# Retirement Home



## Joe Smith (Nov 30, 2021)

Hey how come no one ever asked me how do I like living (retiring) up here High like an Eagle?


----------



## Jace (Nov 30, 2021)

Wow! 
Hope it's all you ever wanted!


----------



## Manatee (Nov 30, 2021)

The Joe Smith that I used to know lived in North Carolina.  

I get cold just looking at pictures like that.


----------



## OneEyedDiva (Dec 3, 2021)

Guess 'cause we didn't know that's where you live!    So how DO you like it?  Oh and....


----------



## Joe Smith (Dec 3, 2021)

OneEyedDiva said:


> Guess 'cause we didn't know that's where you live!    So how DO you like it?  Oh and....


OH ...I like it..yeah and thanks.


----------



## ElCastor (Dec 8, 2021)

Joe Smith said:


> Hey how come no one ever asked me how do I like living (retiring) up here High like an Eagle?

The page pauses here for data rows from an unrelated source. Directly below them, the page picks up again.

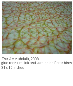Cell-Like Paintings made with glue medium by Kevin Kepple (text from the Washington Post):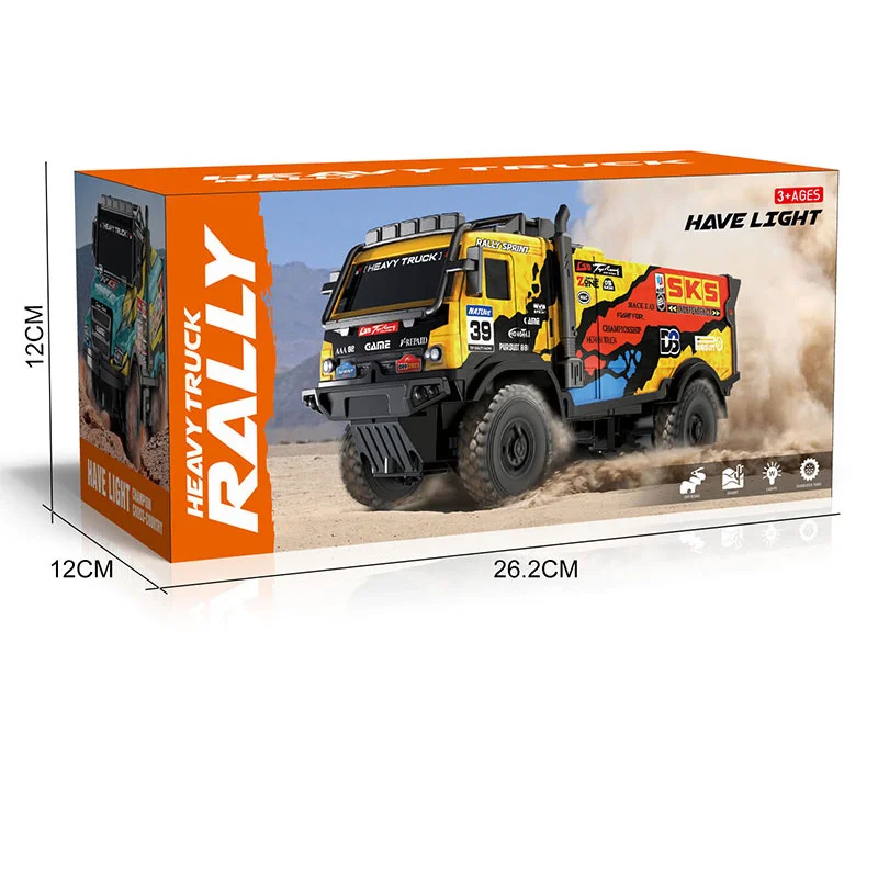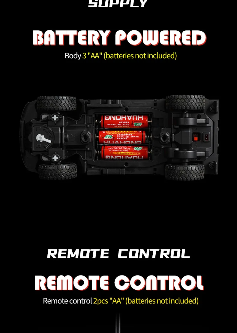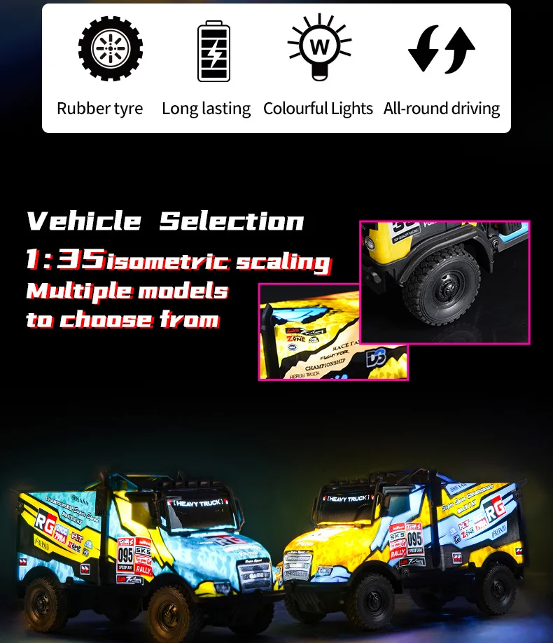 remote control distance of 25 meters, speed of 10 KM/H, lights, forward, backward, turn left, turn right.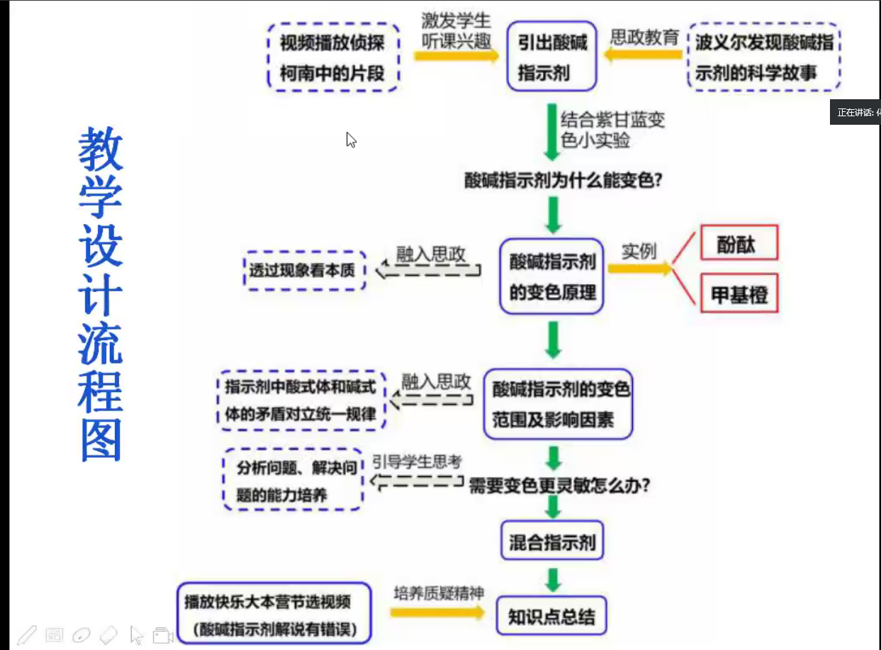 刘文芳博士就《分析化学》课程中酸碱滴定法这一章节为例,运用讲授法、启发法和案例法相结合的方式对酸碱指示剂操作进行讲解,从课前导入、发现问题和解决问题出发,将理论知识学习和思政教育有机融合。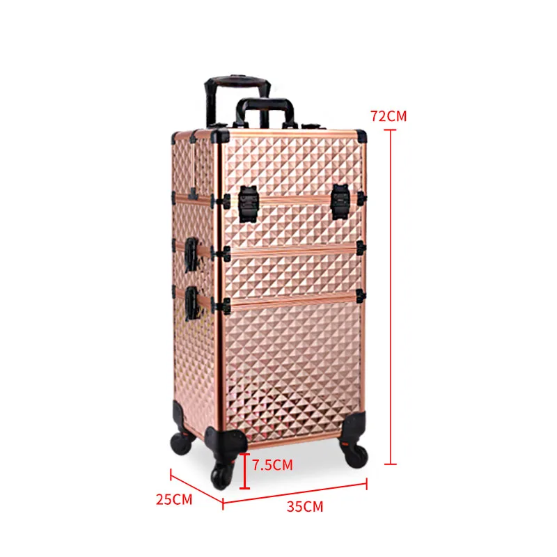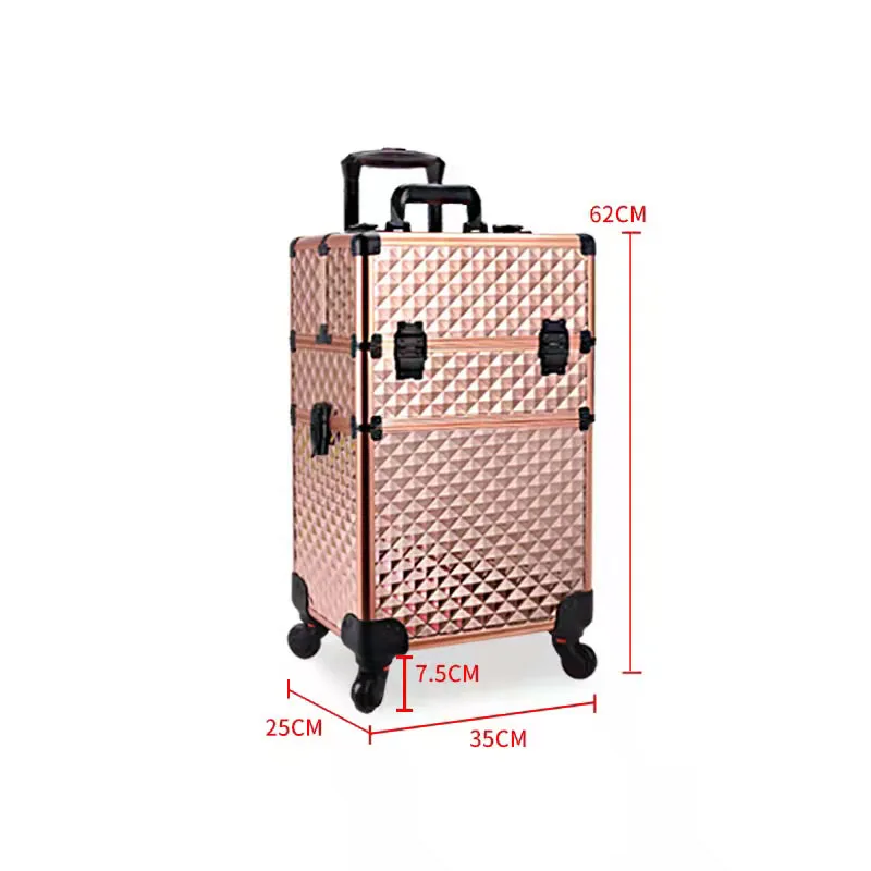 TH266 Professional Manicure Suitcases Travel Multilayer Large Capacity Makeup Valises Aluminium Luggage Trolley Tool Box Customized

A guy I used to share thoughts with chose to retire on Orcas Island in Puget Sound -- a pretty long ferry ride from Seattle. Orcas is a beautiful place, but a problem he eventually ran into was the doctor appointment issue. Most of us tend to visit the doc more often as we get older and he found a 15 minute doctor appointment was taking all day. Today he lives in Redmond. On the plus side of remote living, I'm sure the Internet and Amazon are making it a lot easier. Not sure though that Amazon delivers to a glacier. (-8


----------



## Joe Smith (Dec 8, 2021)

You'd be surprised where those drones can go.


----------



## Lewkat (Dec 8, 2021)




----------